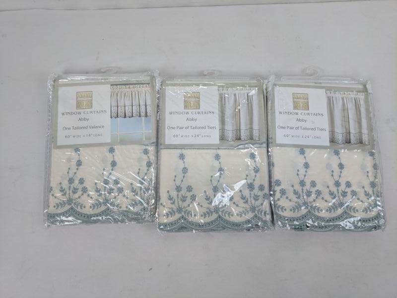 Window Curtains Abby, 60" x 24", Set of 3 - New
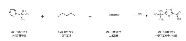 2.通过2-叔丁基呋喃、正丁基锂和二氧化碳合成5-叔丁基呋喃-2-羧酸,收率约71%;
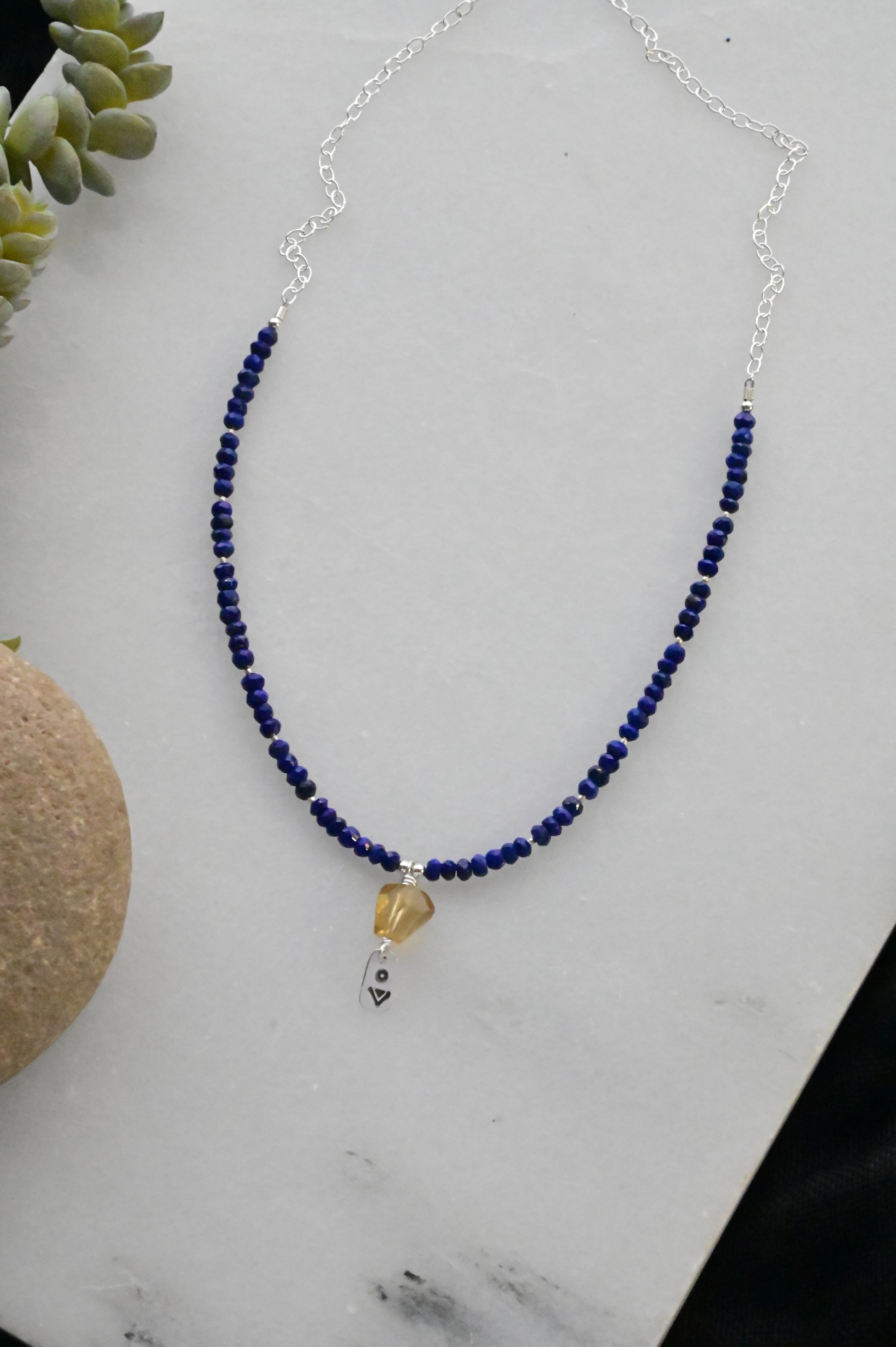 Handcrafted and stamped Sterling Silver pendant with a Citrine gemstone, accented around then neck with small faceted Lapis Lazuli stone and sterling details.

|---|

### Try it
What this calls for is a word-for-word copy of the listing above, pictures excluded.

### Response to the exercise
 Window Curtains Abby, 60" x 24", Set of 3 - New
 2.通过2-叔丁基呋喃、正丁基锂和二氧化碳合成5-叔丁基呋喃-2-羧酸,收率约71%;
 Handcrafted and stamped Sterling Silver pendant with a Citrine gemstone, accented around then neck with small faceted Lapis Lazuli stone and sterling details.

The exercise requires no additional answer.